▸ Stored data:
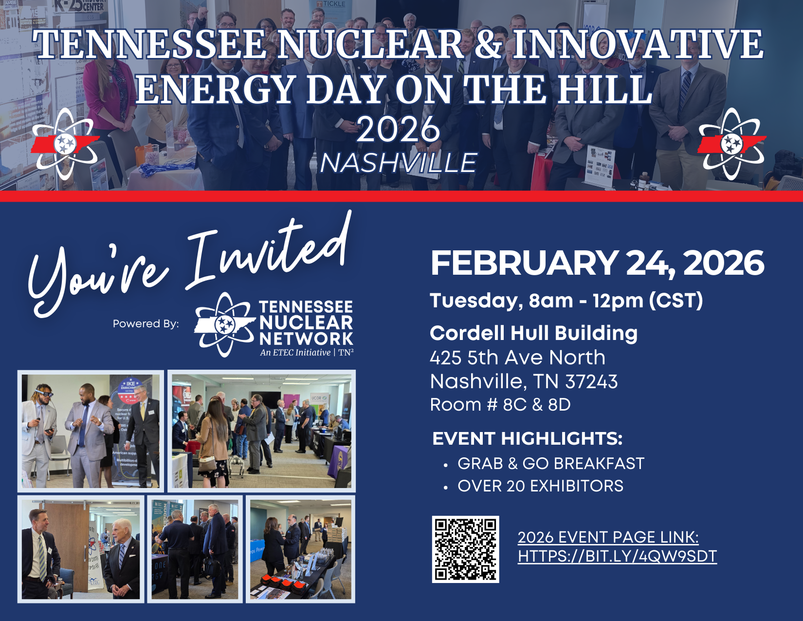 ETEC's 3rd Annual Tennessee Nuclear & Innovative Energy Day on the Hill brings together lawmakers and energy industry professionals to highlight the state's contributions to nuclear energy and innovative technologies. Click here for more information.
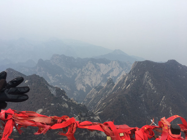 这时,来了2个帅哥,苏州的,他们夜爬到山顶,我也是真心佩服他们!和其中一个聊了会儿天,我也觉得没有那么冷了。天渐渐变亮,东方由红变为黄,我走进一看,原来绳索下面是万丈悬崖,好似无底洞般,我突然对华山产生了一丝的敬畏。
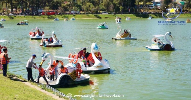 Giá thuê thuyền vịt rất hợp lý, khoảng 60.000 VNĐ/giờ, mang đến một trải nghiệm đáng nhớ trong hành trình khám phá Đà Lạt.

▸ Task to complete:
All of the material goes into the answer exactly as it stands, except for the pictures.

▸ Exercise result:
 ETEC's 3rd Annual Tennessee Nuclear & Innovative Energy Day on the Hill brings together lawmakers and energy industry professionals to highlight the state's contributions to nuclear energy and innovative technologies. Click here for more information.
 这时,来了2个帅哥,苏州的,他们夜爬到山顶,我也是真心佩服他们!和其中一个聊了会儿天,我也觉得没有那么冷了。天渐渐变亮,东方由红变为黄,我走进一看,原来绳索下面是万丈悬崖,好似无底洞般,我突然对华山产生了一丝的敬畏。
 Giá thuê thuyền vịt rất hợp lý, khoảng 60.000 VNĐ/giờ, mang đến một trải nghiệm đáng nhớ trong hành trình khám phá Đà Lạt.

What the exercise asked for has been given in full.